Being diagnosed with autism is often seen as a tragedy. But for Jac den Houting, it was the best thing that ever happened to them. As an autistic person, concepts like the neurodiversity paradigm, the social model of disability, and the double empathy problem were life-changing. In this talk, Jac combines these ideas with their own personal story to explain why we need to rethink the way we understand autism.
Jac delivered this talk in September 2019 as part of TEDxMacquarieUniversity. Visit the talk in its official home at TED.com, here!
We know that the Earth is round. Everything we understand about this planet is grounded in the fundamental assumption that the Earth is round. But there was a time, not all that long ago, when we knew that the Earth was flat. That's called a paradigm shift. Our basic assumptions about the Earth changed because we had evidence showing that our previous assumptions were wrong.
Just like the shape of the Earth, there are assumptions about autism too. Most people understand autism through medical assumptions. They understand autism as a medical condition, a disorder, even as a tragedy. In the medical paradigm, we're taught to believe that there's a correct way to develop neurologically, that there's a right way for our brains to work, the "normal" way, and that any other way of developing is wrong and needs to be treated and fixed.
In 2011, when I was 25 years old, I was diagnosed with autism, and it wasn't a tragedy. It was the best thing that's ever happened to me. Finding out that I'm autistic brought me an overwhelming sense of relief. My whole life, up to that point, finally made sense. My paradigm about myself shifted. I wasn't a failed neurotypical person. I was a perfectly good autistic person. After my diagnosis, I did what most of us would probably do, I went to Dr. Google, (laughter) and I started researching autism. Eventually, I upgraded from Dr. Google. I did my Ph.D. in autism, became a doctor myself, and today, I'm proud to be one of a growing number of openly autistic people working in autism research.

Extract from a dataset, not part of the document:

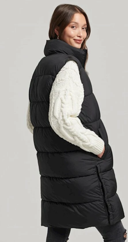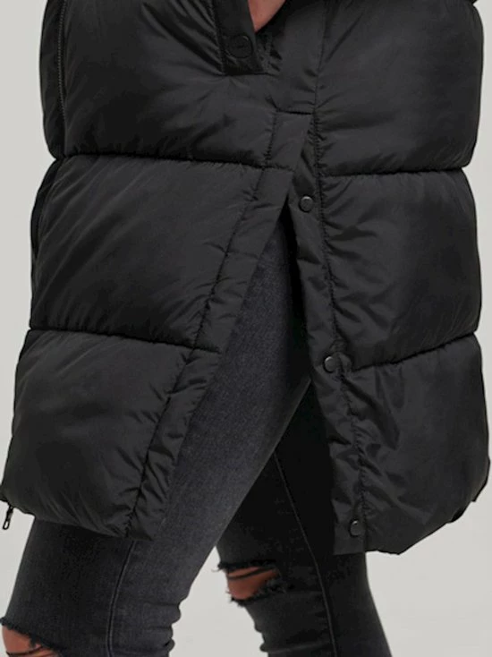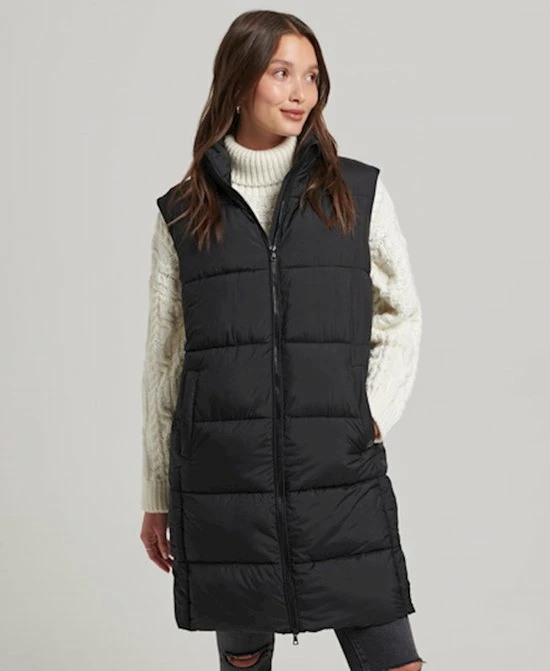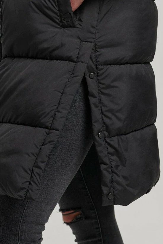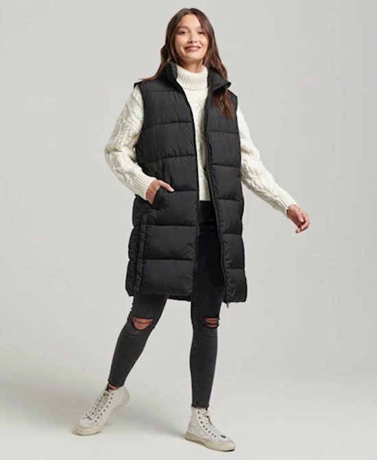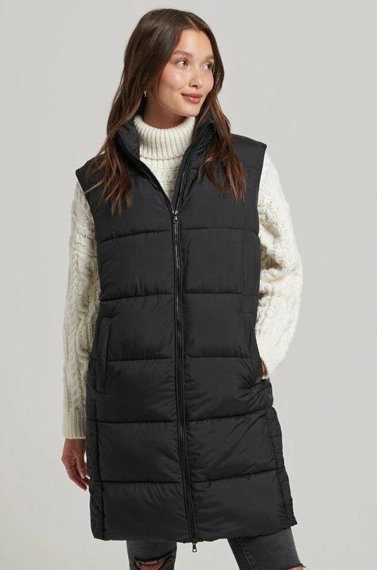 Gewatteerde bodywarmer van Superdry met doorgestikte naden. De jas heeft een highneckkraag en sluit met een rits. Aan de voorkant zijn twee steekzakken geplaatst die sluiten met een drukknoop. Deze halflange bodywarmer heeft drukknopen aan de zijkant om meer bewegingsruimte te creeeren.

But, in those early days, I wasn't running a complex research project, I was just trying to learn more about myself. And learn about myself, I did. I was bombarded with information. I was bombarded with information about my deficits. Autism causes deficits in social interaction, deficits in communication, restricted and repetitive behaviors, sensory processing deficits. For me, that information just didn't make sense. Finding out that I'm autistic had completely changed my life for the better. How could something that was so positive for me be such a bad thing?
So, I went back to Dr. Google, but this time I dug deeper. I started to find information about autism that was written not by researchers or other professionals, but by actual autistic people. I discovered a thing called the "neurodiversity paradigm".
The neurodiversity paradigm is an alternative way of thinking about autism. It describes autism as a part of the range of natural variation in human neurological development. At its very simplest, autism is a different way of thinking. Just like biodiversity helps to create a healthy and sustainable physical environment, neurodiversity can help to create a healthy and sustainable cognitive environment.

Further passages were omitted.